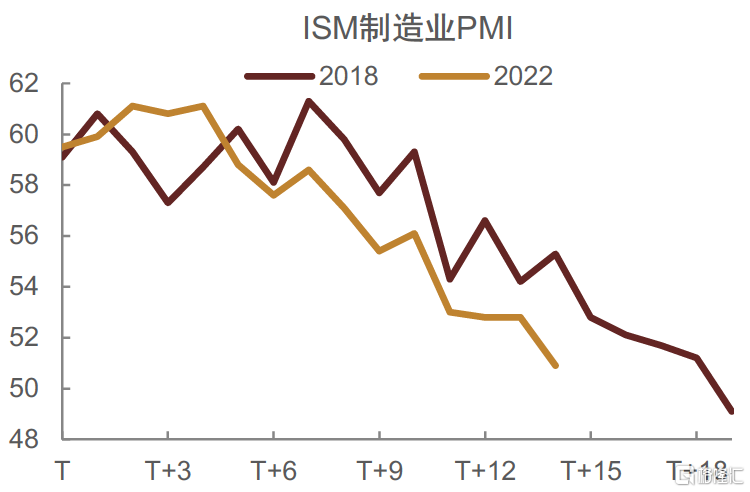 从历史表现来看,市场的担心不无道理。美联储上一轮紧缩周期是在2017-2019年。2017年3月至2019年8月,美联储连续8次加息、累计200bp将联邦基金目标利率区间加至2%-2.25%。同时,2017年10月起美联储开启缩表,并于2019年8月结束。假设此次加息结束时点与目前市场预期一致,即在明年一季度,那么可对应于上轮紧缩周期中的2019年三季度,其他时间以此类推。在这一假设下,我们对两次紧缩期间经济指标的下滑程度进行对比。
::::::::::
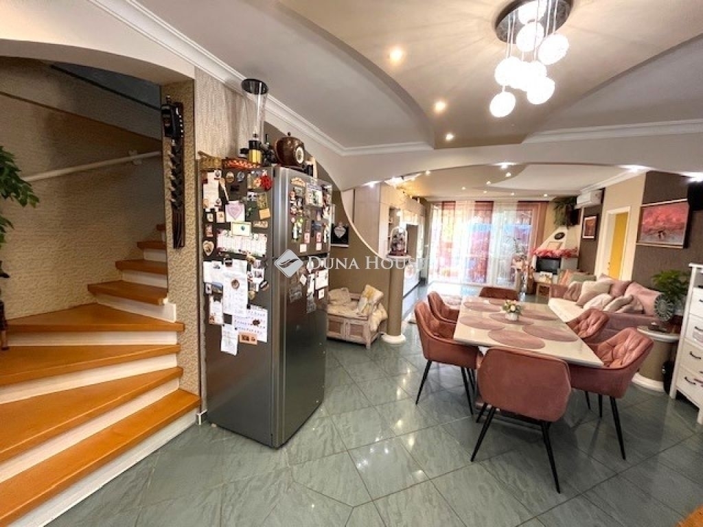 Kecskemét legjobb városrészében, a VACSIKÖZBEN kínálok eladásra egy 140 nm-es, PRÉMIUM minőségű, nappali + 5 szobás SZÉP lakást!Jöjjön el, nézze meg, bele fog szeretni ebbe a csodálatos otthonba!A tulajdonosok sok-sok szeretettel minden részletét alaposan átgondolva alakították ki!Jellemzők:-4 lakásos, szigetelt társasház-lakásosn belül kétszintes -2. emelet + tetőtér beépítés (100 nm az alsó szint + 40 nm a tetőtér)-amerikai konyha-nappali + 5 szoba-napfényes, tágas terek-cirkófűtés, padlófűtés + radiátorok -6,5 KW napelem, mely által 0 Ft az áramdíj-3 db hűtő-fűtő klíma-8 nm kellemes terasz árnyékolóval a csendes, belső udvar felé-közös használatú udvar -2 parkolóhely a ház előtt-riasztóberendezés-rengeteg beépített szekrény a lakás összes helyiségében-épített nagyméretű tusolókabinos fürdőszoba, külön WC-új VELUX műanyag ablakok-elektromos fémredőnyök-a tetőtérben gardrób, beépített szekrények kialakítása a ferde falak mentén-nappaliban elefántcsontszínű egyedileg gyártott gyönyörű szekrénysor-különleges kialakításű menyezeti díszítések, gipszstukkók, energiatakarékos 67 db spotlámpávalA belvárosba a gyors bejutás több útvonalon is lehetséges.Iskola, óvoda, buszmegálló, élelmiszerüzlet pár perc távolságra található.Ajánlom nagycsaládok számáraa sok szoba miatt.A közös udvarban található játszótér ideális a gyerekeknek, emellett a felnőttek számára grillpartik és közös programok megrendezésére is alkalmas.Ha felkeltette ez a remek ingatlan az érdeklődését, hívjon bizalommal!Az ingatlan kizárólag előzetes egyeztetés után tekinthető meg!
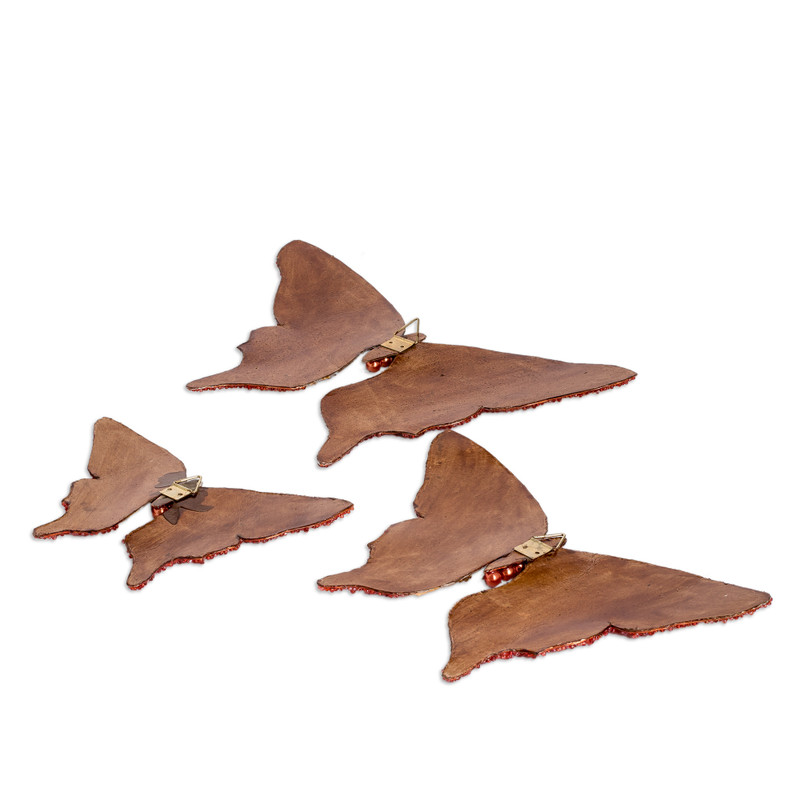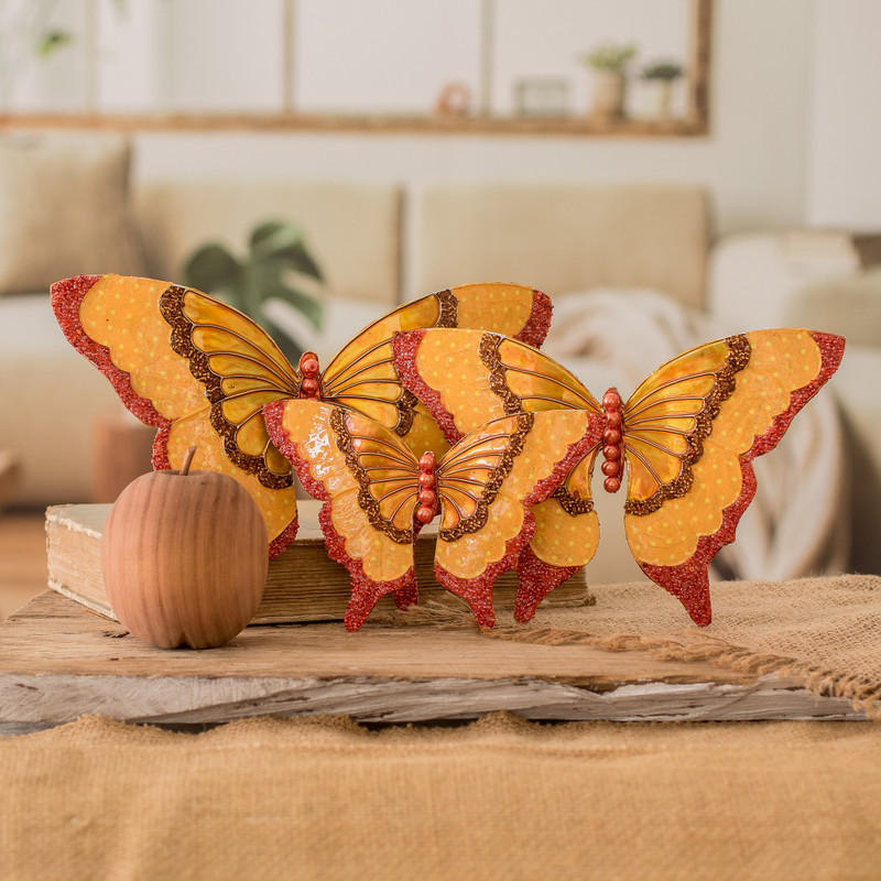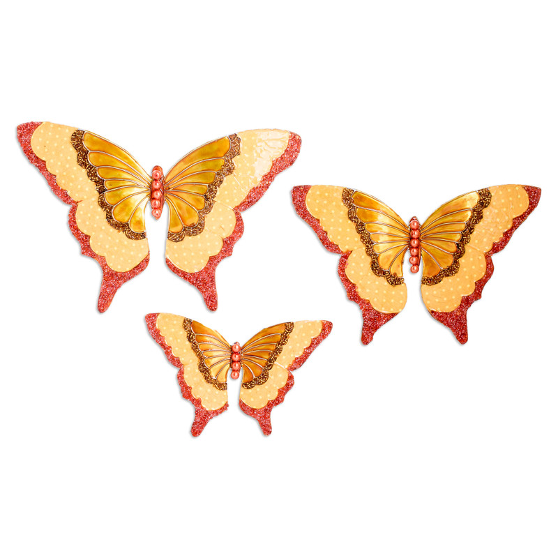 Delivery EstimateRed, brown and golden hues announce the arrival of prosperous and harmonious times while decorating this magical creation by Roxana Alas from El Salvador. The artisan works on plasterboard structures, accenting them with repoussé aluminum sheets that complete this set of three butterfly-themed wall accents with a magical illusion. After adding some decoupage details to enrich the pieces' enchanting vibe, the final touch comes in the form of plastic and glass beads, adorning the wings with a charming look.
::::::::::
• Problem requirements:
Transcribe, exactly and without pictures, everything in the data from the line with "Kecskemét legjobb városrészében, a" down to the line with "Delivery EstimateRed, brown", both included.

• Task result:
 Kecskemét legjobb városrészében, a VACSIKÖZBEN kínálok eladásra egy 140 nm-es, PRÉMIUM minőségű, nappali + 5 szobás SZÉP lakást!Jöjjön el, nézze meg, bele fog szeretni ebbe a csodálatos otthonba!A tulajdonosok sok-sok szeretettel minden részletét alaposan átgondolva alakították ki!Jellemzők:-4 lakásos, szigetelt társasház-lakásosn belül kétszintes -2. emelet + tetőtér beépítés (100 nm az alsó szint + 40 nm a tetőtér)-amerikai konyha-nappali + 5 szoba-napfényes, tágas terek-cirkófűtés, padlófűtés + radiátorok -6,5 KW napelem, mely által 0 Ft az áramdíj-3 db hűtő-fűtő klíma-8 nm kellemes terasz árnyékolóval a csendes, belső udvar felé-közös használatú udvar -2 parkolóhely a ház előtt-riasztóberendezés-rengeteg beépített szekrény a lakás összes helyiségében-épített nagyméretű tusolókabinos fürdőszoba, külön WC-új VELUX műanyag ablakok-elektromos fémredőnyök-a tetőtérben gardrób, beépített szekrények kialakítása a ferde falak mentén-nappaliban elefántcsontszínű egyedileg gyártott gyönyörű szekrénysor-különleges kialakításű menyezeti díszítések, gipszstukkók, energiatakarékos 67 db spotlámpávalA belvárosba a gyors bejutás több útvonalon is lehetséges.Iskola, óvoda, buszmegálló, élelmiszerüzlet pár perc távolságra található.Ajánlom nagycsaládok számáraa sok szoba miatt.A közös udvarban található játszótér ideális a gyerekeknek, emellett a felnőttek számára grillpartik és közös programok megrendezésére is alkalmas.Ha felkeltette ez a remek ingatlan az érdeklődését, hívjon bizalommal!Az ingatlan kizárólag előzetes egyeztetés után tekinthető meg!
 Delivery EstimateRed, brown and golden hues announce the arrival of prosperous and harmonious times while decorating this magical creation by Roxana Alas from El Salvador. The artisan works on plasterboard structures, accenting them with repoussé aluminum sheets that complete this set of three butterfly-themed wall accents with a magical illusion. After adding some decoupage details to enrich the pieces' enchanting vibe, the final touch comes in the form of plastic and glass beads, adorning the wings with a charming look.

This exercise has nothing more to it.